— WHAT IS NEEDED —
The reply should match the listing below character for character, except that no image is carried over.

— DATA PROVIDED —
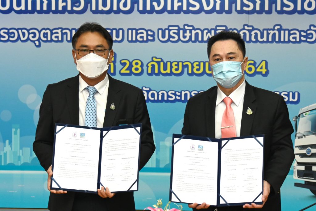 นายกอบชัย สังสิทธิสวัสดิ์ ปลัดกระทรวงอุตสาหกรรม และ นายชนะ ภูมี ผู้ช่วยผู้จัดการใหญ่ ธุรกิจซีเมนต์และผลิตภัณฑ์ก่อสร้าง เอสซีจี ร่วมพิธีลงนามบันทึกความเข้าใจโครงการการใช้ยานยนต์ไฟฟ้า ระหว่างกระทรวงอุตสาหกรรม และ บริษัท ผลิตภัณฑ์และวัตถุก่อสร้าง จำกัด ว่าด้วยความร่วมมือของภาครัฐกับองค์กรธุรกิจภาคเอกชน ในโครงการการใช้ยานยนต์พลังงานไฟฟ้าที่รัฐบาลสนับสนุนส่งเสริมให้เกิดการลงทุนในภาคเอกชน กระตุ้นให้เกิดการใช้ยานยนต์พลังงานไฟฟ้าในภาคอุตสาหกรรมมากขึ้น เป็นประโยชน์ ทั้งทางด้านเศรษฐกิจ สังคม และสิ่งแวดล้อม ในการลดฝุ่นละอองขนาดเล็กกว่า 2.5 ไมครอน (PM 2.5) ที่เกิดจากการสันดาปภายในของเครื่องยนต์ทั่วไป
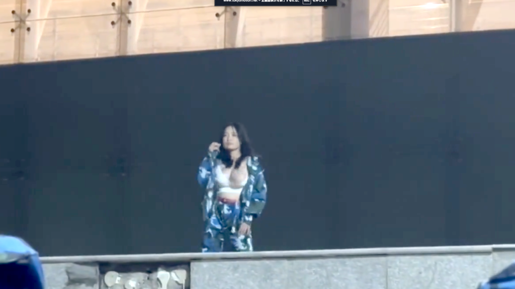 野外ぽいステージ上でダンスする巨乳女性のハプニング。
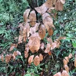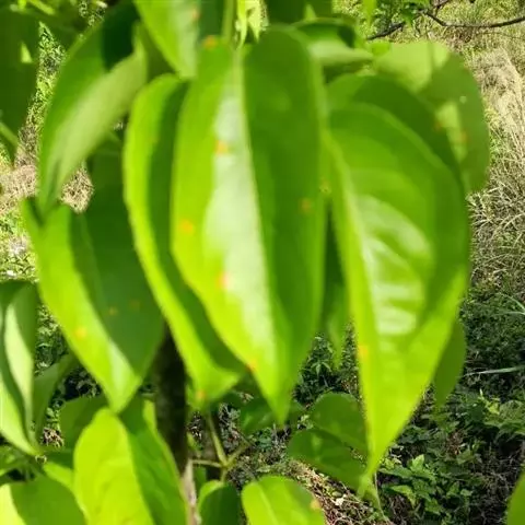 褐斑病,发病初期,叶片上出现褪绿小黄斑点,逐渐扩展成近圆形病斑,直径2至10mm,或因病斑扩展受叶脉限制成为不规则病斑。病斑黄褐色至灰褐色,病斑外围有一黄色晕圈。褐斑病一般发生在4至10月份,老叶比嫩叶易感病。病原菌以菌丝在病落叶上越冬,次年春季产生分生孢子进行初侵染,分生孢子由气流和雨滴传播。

— THE COMPLETED TASK —
 นายกอบชัย สังสิทธิสวัสดิ์ ปลัดกระทรวงอุตสาหกรรม และ นายชนะ ภูมี ผู้ช่วยผู้จัดการใหญ่ ธุรกิจซีเมนต์และผลิตภัณฑ์ก่อสร้าง เอสซีจี ร่วมพิธีลงนามบันทึกความเข้าใจโครงการการใช้ยานยนต์ไฟฟ้า ระหว่างกระทรวงอุตสาหกรรม และ บริษัท ผลิตภัณฑ์และวัตถุก่อสร้าง จำกัด ว่าด้วยความร่วมมือของภาครัฐกับองค์กรธุรกิจภาคเอกชน ในโครงการการใช้ยานยนต์พลังงานไฟฟ้าที่รัฐบาลสนับสนุนส่งเสริมให้เกิดการลงทุนในภาคเอกชน กระตุ้นให้เกิดการใช้ยานยนต์พลังงานไฟฟ้าในภาคอุตสาหกรรมมากขึ้น เป็นประโยชน์ ทั้งทางด้านเศรษฐกิจ สังคม และสิ่งแวดล้อม ในการลดฝุ่นละอองขนาดเล็กกว่า 2.5 ไมครอน (PM 2.5) ที่เกิดจากการสันดาปภายในของเครื่องยนต์ทั่วไป
 野外ぽいステージ上でダンスする巨乳女性のハプニング。
 褐斑病,发病初期,叶片上出现褪绿小黄斑点,逐渐扩展成近圆形病斑,直径2至10mm,或因病斑扩展受叶脉限制成为不规则病斑。病斑黄褐色至灰褐色,病斑外围有一黄色晕圈。褐斑病一般发生在4至10月份,老叶比嫩叶易感病。病原菌以菌丝在病落叶上越冬,次年春季产生分生孢子进行初侵染,分生孢子由气流和雨滴传播。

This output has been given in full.